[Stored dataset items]
----------------------------------------

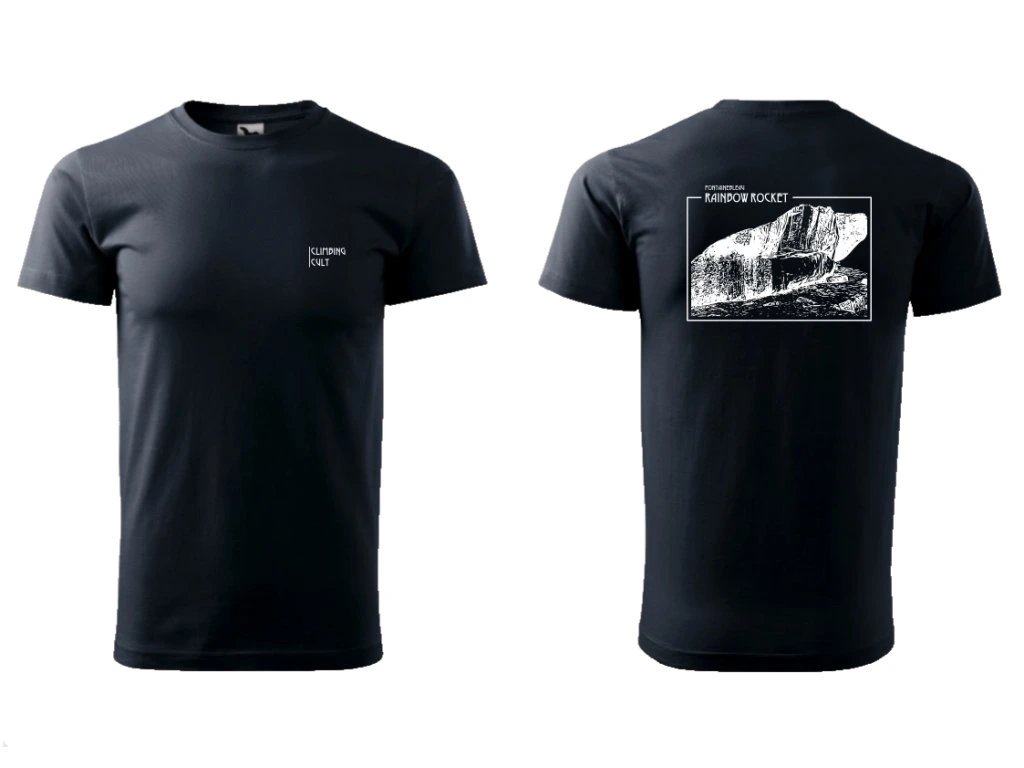 Triko s potiskem pravděpodobně nejznámějšího dynamickýho boulderu na světě. Rainbow rocket.
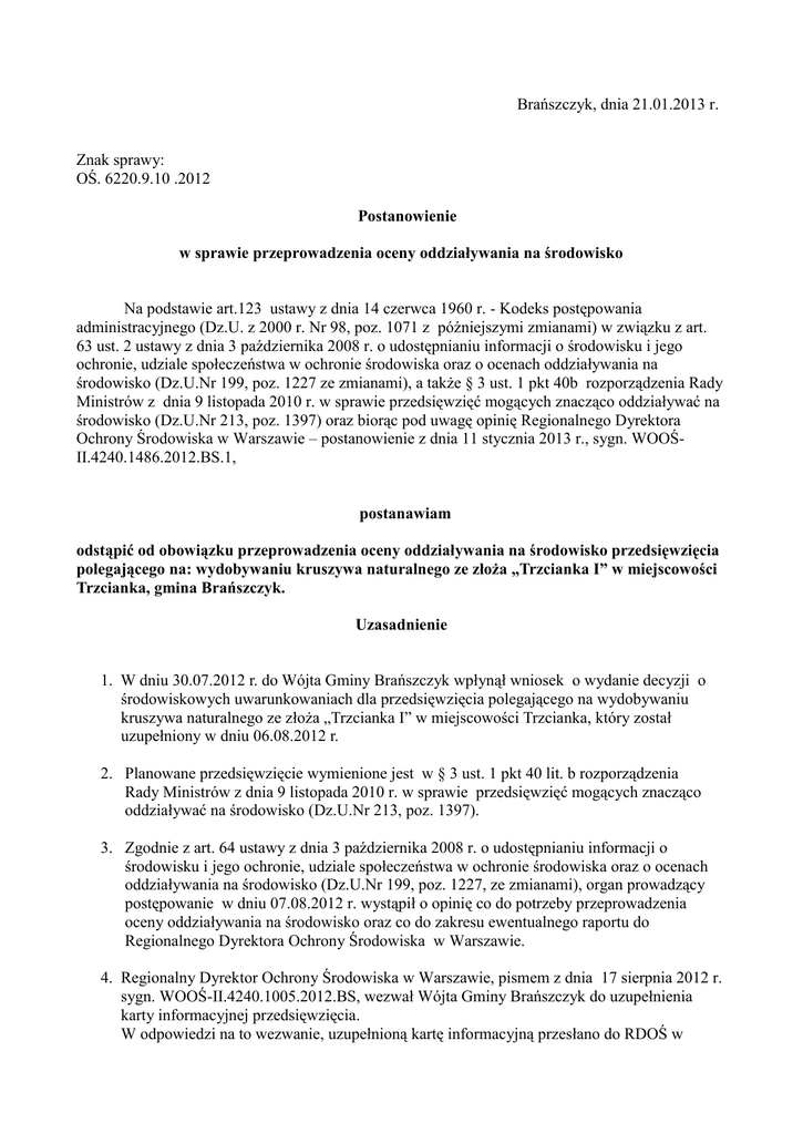 Brańszczyk, dnia 21.01.2013 r. Znak sprawy: OŚ. 6220.9.10 .2012 Postanowienie w sprawie przeprowadzenia oceny oddziaływania na środowisko Na podstawie art.123 ustawy z dnia 14 czerwca 1960 r. - Kodeks postępowania administracyjnego (Dz.U. z 2000 r. Nr 98, poz. 1071 z późniejszymi zmianami) w związku z art. 63 ust. 2 ustawy z dnia 3 października 2008 r. o udostępnianiu informacji o środowisku i jego ochronie, udziale społeczeństwa w ochronie środowiska oraz o ocenach oddziaływania na środowisko (Dz.U.Nr 199, poz. 1227 ze zmianami), a także § 3 ust. 1 pkt 40b rozporządzenia Rady Ministrów z dnia 9 listopada 2010 r. w sprawie przedsięwzięć mogących znacząco oddziaływać na środowisko (Dz.U.Nr 213, poz. 1397) oraz biorąc pod uwagę opinię Regionalnego Dyrektora Ochrony Środowiska w Warszawie – postanowienie z dnia 11 stycznia 2013 r., sygn. WOOŚII.4240.1486.2012.BS.1, postanawiam odstąpić od obowiązku przeprowadzenia oceny oddziaływania na środowisko przedsięwzięcia polegającego na: wydobywaniu kruszywa naturalnego ze złoża „Trzcianka I” w miejscowości Trzcianka, gmina Brańszczyk. Uzasadnienie 1. W dniu 30.07.2012 r. do Wójta Gminy Brańszczyk wpłynął wniosek o wydanie decyzji o środowiskowych uwarunkowaniach dla przedsięwzięcia polegającego na wydobywaniu kruszywa naturalnego ze złoża „Trzcianka I” w miejscowości Trzcianka, który został uzupełniony w dniu 06.08.2012 r. 2. Planowane przedsięwzięcie wymienione jest w § 3 ust. 1 pkt 40 lit. b rozporządzenia Rady Ministrów z dnia 9 listopada 2010 r. w sprawie przedsięwzięć mogących znacząco oddziaływać na środowisko (Dz.U.Nr 213, poz. 1397). 3. Zgodnie z art. 64 ustawy z dnia 3 października 2008 r. o udostępnianiu informacji o środowisku i jego ochronie, udziale społeczeństwa w ochronie środowiska oraz o ocenach oddziaływania na środowisko (Dz.U.Nr 199, poz. 1227, ze zmianami), organ prowadzący postępowanie w dniu 07.08.2012 r. wystąpił o opinię co do potrzeby przeprowadzenia oceny oddziaływania na środowisko oraz co do zakresu ewentualnego raportu do Regionalnego Dyrektora Ochrony Środowiska w Warszawie. 4. Regionalny Dyrektor Ochrony Środowiska w Warszawie, pismem z dnia 17 sierpnia 2012 r. sygn. WOOŚ-II.4240.1005.2012.BS, wezwał Wójta Gminy Brańszczyk do uzupełnienia karty informacyjnej przedsięwzięcia. W odpowiedzi na to wezwanie, uzupełnioną kartę informacyjną przesłano do RDOŚ w Warszawie w dniu 30.08.2012 r. oraz w dniu 11 września 2012r. ` 5 . W dniu 20 września 2012 r. do Wójta Gminy Brańszczyk wpłynęło postanowienie Regionalnego Dyrektora Ochrony Środowiska w Warszawie z dnia 13 września 2012 r. sygn. WOOŚ- II.4240.1005.2012.BS, stwierdzające brak potrzeby przeprowadzenia oceny oddziaływania na środowisko dla powyższego przedsięwzięcia. 6. Wójt Gminy Brańszczyk, biorąc pod uwagę brak akceptacji mieszkańców Trzcianki co do przebiegu drogi dojazdowej do złoża, wskazanej w „Karcie informacyjnej przedsięwzięcia” załączonej do wniosku, nieprzystosowanie tej drogi do ruchu ciężkich pojazdów, a także deklaracje Wnioskodawcy przed zmianą planu zagospodarowania przestrzennego dot. przebiegu trasy dojazdowej do złoża, w piśmie z dnia 08.10.2012 r. zwrócił się z prośbą o wskazanie przez Wnioskodawcę innej drogi dojazdowej do złoża niż droga asfaltowa od drogi krajowej nr 8 przez wieś Trzcianka. W odpowiedzi na to pismo, w dniu 19.10.2012 r. Wnioskodawca złożył poprawioną „Kartę informacyjną przedsięwzięcia” ze wskazaną nową trasą dojazdu do złoża. 7. W dniu 22.10.2012 r. pismem, znak: OŚ.6220.9.5.2012 Wójt Gminy Brańszczyk wystąpił do Regionalnego Dyrektora Ochrony Środowiska w Warszawie z prośbą o podtrzymanie postanowienia – znak: WOOŚ-II.4240.1005.2012.BS z dnia 13 września 2012 r., załączając zmieniony pkt 1 „Karty informacyjnej przedsięwzięcia” i mapę z zaznaczoną nową trasą dojazdu do złoża. W odpowiedzi na pismo Wójta Gminy Brańszczyk z dnia 22.10.2012 r., Regionalny Dyrektor Ochrony Środowiska w Warszawie , w piśmie z dnia 29.10.2012 r. , znak: WOOŚII.4240.1005.2012.BS stwierdził, iż brak jest możliwości podtrzymania opinii zawartej w w/w postanowieniu, gdyż wnioskowane zmiany istotnie wpływają na zakres planowanego przedsięwzięcia i w związku z tym, dla przedmiotowej inwestycji należy wystąpić do Regionalnego Dyrektora Ochrony Środowiska w Warszawie o wydanie nowej opinii w tej sprawie. 8. W dniu 27.11.2012 r. Wójt Gminy Brańszczyk ponownie wystąpił do Regionalnego Dyrektora Ochrony Środowiska w Warszawie o wydanie opinii w sprawie konieczności przeprowadzenia oceny oddziaływania na środowisko dla przedmiotowej inwestycji, załączając całą zmienioną dokumentację sprawy. 9. Regionalny Dyrektor Ochrony Środowiska w Warszawie, pismem z dnia 14.12.2012 r., znak: WOOŚ-II.4240.1486.2012.BS wezwał Wójta Gminy Brańszczyk do uzupełnienia wniosku. Wniosek został uzupełniony w dniu 03.01.2013 r., pismem znak: OŚ.6220.9.9.2012. 10. Regionalny Dyrektor Ochrony Środowiska w Warszawie w dniu 11.01.2013 r. wydał postanowienie – znak: WOOŚ.II.4240.1486.2012.BS.1, w którym wyraził opinię o braku konieczności przeprowadzenia oceny oddziaływania przedmiotowego przedsięwzięcia na środowisko. 11. Wójt Gminy Brańszczyk, po przeanalizowaniu dostarczonych wraz z wnioskiem materiałów, uwzględniając łącznie uwarunkowania wymienione w art. 63 ust. 1 ustawy z dnia 3 października 2008 r. o udostępnianiu informacji o środowisku i jego ochronie, udziale społeczeństwa w ochronie środowiska oraz o ocenach oddziaływania na środowisko, podzielił opinię wyrażoną przez Regionalnego Dyrektora Ochrony Środowiska w Warszawie co do braku konieczności przeprowadzenia oceny oddziaływania przedsięwzięcia na środowisko, Wójt Gminy Brańszczyk nie stwierdził potrzeby przeprowadzenia oceny oddziaływan
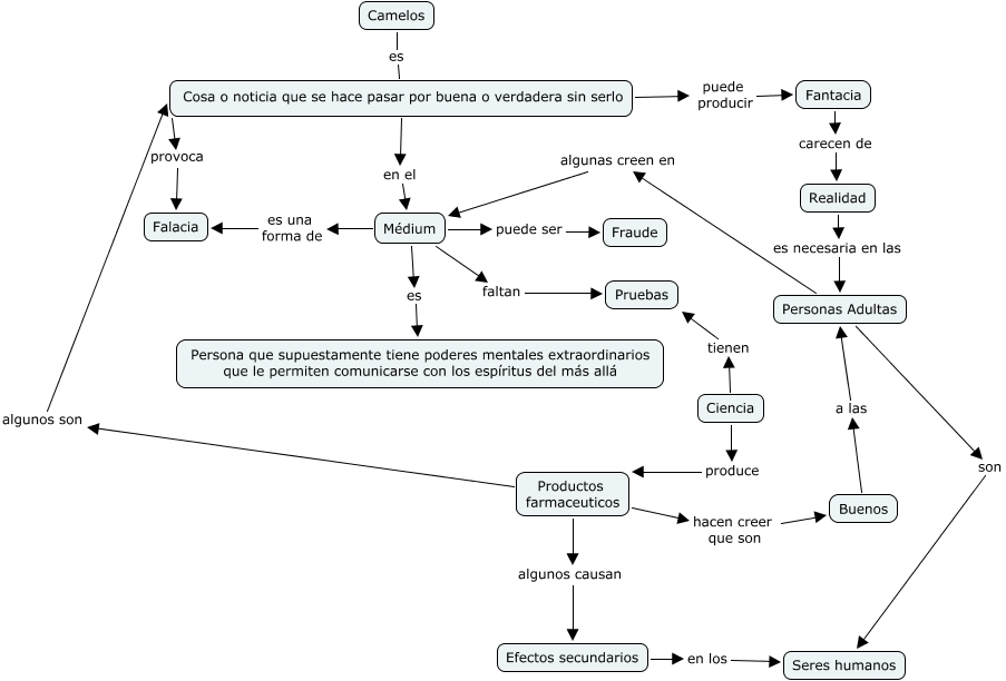 This Concept Map, created with IHMC CmapTools, has information related to: compu y sociedad, Personas Adultas son Seres humanos, Médium es Persona que supuestamente tiene poderes mentales extraordinarios que le permiten comunicarse con los espíritus del más allá, Buenos a las Personas Adultas, Fantacia carecen de Realidad, Ciencia tienen Pruebas, Productos farmaceuticos algunos causan Efectos secundarios, Productos farmaceuticos hacen creer que son Buenos, Personas Adultas algunas creen en Médium, Médium puede ser Fraude, Realidad es necesaria en las Personas Adultas, Cosa o noticia que se hace pasar por buena o verdadera sin serlo puede producir Fantacia, Camelos es Cosa o noticia que se hace pasar por buena o verdadera sin serlo, Efectos secundarios en los Seres humanos, Médium es una forma de Falacia, Cosa o noticia que se hace pasar por buena o verdadera sin serlo provoca Falacia, Cosa o noticia que se hace pasar por buena o verdadera sin serlo en el Médium, Ciencia produce Productos farmaceuticos, Productos farmaceuticos algunos son Cosa o noticia que se hace pasar por buena o verdadera sin serlo, Médium faltan Pruebas
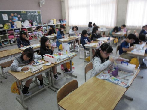 4月16日(月)2時間目は書写の授業でした。初めての毛筆です。硯の使い方から始まって筆のおろし方、片付けのしかたなど、することすべてが初めての経験です。しっかり覚えてスムーズにできるようにしましょう。
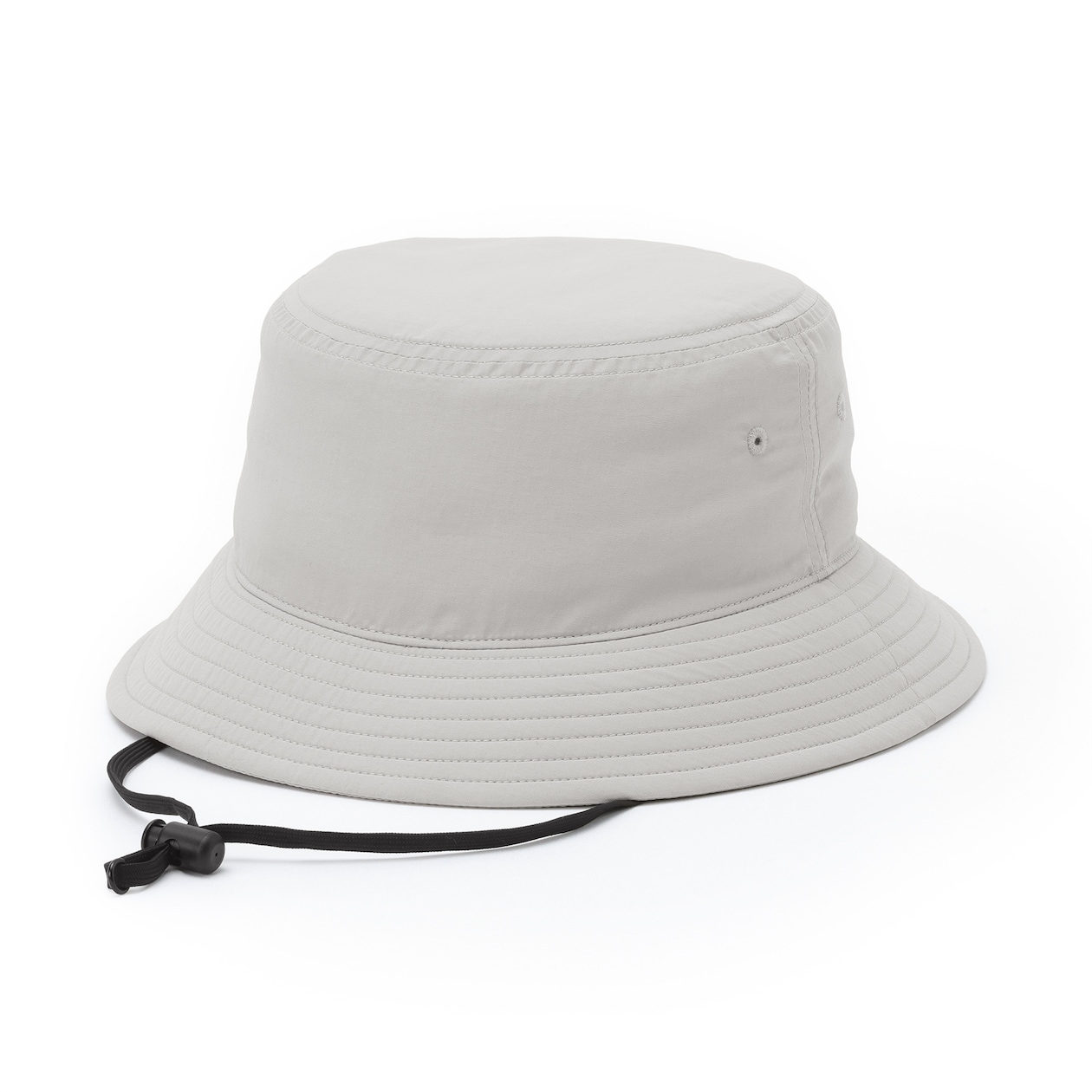 UVカット率90%以上、紫外線保護指標の最高値であるUPF50+の生地を使用しています。生地に撥水加工を施しました。内側のベルトでサイズ調整ができます。あご紐は取付部分を引っ張ると外れます。障害物に引っかかった際に外れる設計です。

----------------------------------------

ASSIGNMENT
Could you set down, exactly as written, every line from the one with "4月16日(月)2時間目は書" to the end of the data, both ends included? Leave out the pictures.

PROBLEM SOLUTION
 4月16日(月)2時間目は書写の授業でした。初めての毛筆です。硯の使い方から始まって筆のおろし方、片付けのしかたなど、することすべてが初めての経験です。しっかり覚えてスムーズにできるようにしましょう。
 UVカット率90%以上、紫外線保護指標の最高値であるUPF50+の生地を使用しています。生地に撥水加工を施しました。内側のベルトでサイズ調整ができます。あご紐は取付部分を引っ張ると外れます。障害物に引っかかった際に外れる設計です。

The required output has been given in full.